TASK TO CARRY OUT:
Copy exactly the lines from the start of the material through the line with "They offer set". Pictures stay out of the copy.

THE DATA:
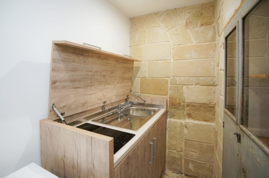 Equipped with a kitchen equipped with an induction hob and refrigerator, guests can prepare quick meals independently. A cozy mezzanine with a vintage sofa and armchairs creates an intimate and charming reading nook, enhanced by restored period furnishings.
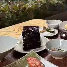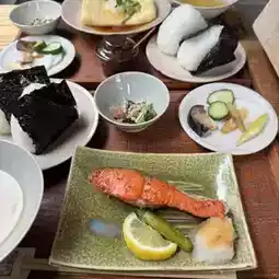 They offer set meals featuring dishes like rolled omelet, grilled mackerel, and grilled salmon, all served with miso soup, pickles, and either rice balls or rice in a wooden container.
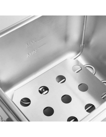 Whether you're frying fish or French fries, the Buffalo countertop fryer is the ideal solution for everyday use in the professional kitchen. With its powerful 2.8kW element and large 5 litre oil tank, the fryer offers a generous cooking capacity, making it a great option for frying multiple portions at the same time.
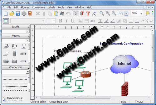 PaceStar LanFlow Net Diagrammer V6.12 英文綠色免費(fèi)版 LanFlow是一個(gè)針對電腦網(wǎng)絡(luò)而設(shè)計(jì)出來的流程圖繪制軟件 ,和一般流程圖之類的軟件相同,這個(gè)軟件可以讓使用者花費(fèi)不太多的力氣,就可以制作出網(wǎng)絡(luò)的流程圖。試用版本的功能性與正式版完全相同,只是不能讓使用者制作大型而復(fù)雜的流程圖,并且在打列時(shí)會有試用版的提示,其它像是說明文件的部份都是完整的,使用者可以直接參考說明文件來了解軟件如何使用

RESULT FOR THIS EXERCISE:
 Equipped with a kitchen equipped with an induction hob and refrigerator, guests can prepare quick meals independently. A cozy mezzanine with a vintage sofa and armchairs creates an intimate and charming reading nook, enhanced by restored period furnishings.
 They offer set meals featuring dishes like rolled omelet, grilled mackerel, and grilled salmon, all served with miso soup, pickles, and either rice balls or rice in a wooden container.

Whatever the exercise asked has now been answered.